Dans la ville haute était un établissement fort chique et bon genre qui c’était ouvert depuis peu pour les amoureux du bien mangé las des bouges infâmes servant « de la merde » dixit son propriétaire. Le Verger Gourmand, tel était son nom, accueillait dans une ambiance bon enfant la bonne société de la ville et les capitaines, parfois un peu guindé, de passage. L’on y servait des produits frais, cultiver pour la majorité dans la campagne environnante ou dans le potager attenant au restaurant. Un verger, d’où son nom, complétait le tableau idyllique qui en ceinturait la terrasse.
Deux drôles d’oiseaux occupaient les lieux ce jour. Le premier, un perroquet malicieux, saccageait les fruits presque mûrs de la pommeraie à grand coups de becs au grand désespoir du jardinier.
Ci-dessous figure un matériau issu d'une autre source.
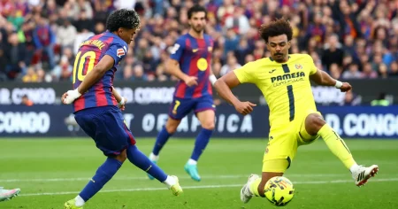 قاد اللاعب الشاب لامين يامال فريقه برشلونة لتحقيق فوز كبير على ضيفه فياريال بنتيجة 4-1، مساء السبت، ضمن منافسات الجولة 24 من الليغا الإسبانية للموسم 25-26. وسجل يامال ثلاثية (هاتريك) في الدقائق 28، 37، و69، فيما أضاف الدولي البولندي روبرت ليفاندوفسكي الهدف الرابع في الدقيقة 90+1، بينما سجل لاعب فياريال غايي هدف فريقه الوحيد في … تابع قراءة فوز برشلونة بثلاثية على فياريال في الليغا
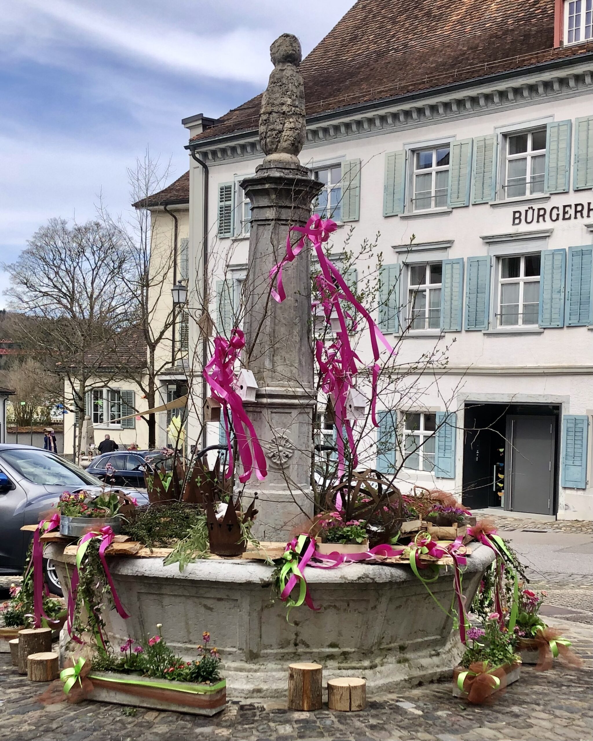 Beim Fotografieren der Osterbrunnen waren es nicht die Besucher, die mich störten, sondern die Autos, die bis dicht vor die Brunnen geparkt wurden.

Le deuxième était simplement attablé, ou plus exactement, était enfin attablés puisqu’il avait fait changer quatre fois de place son couvert, prétextant une meilleure vue. Pile en face de l’entrée, il jetait furtivement des coups d’œil, comme s’il attendait quelqu’un. Il saisissait le jambonneau pour lui faire un sort, faisant fi des convenances locales et effrayant par ces manières au passage quelques pimbêches du cru.
Soudain le cou de Coco se tordit laissant là son festin de pommes. Dans son œil noir se reflétait l’ombre de celui que son maître attendait... les affaires reprenaient enfin, s’en était fini des graines, au moins pour quelques temps pensât-il.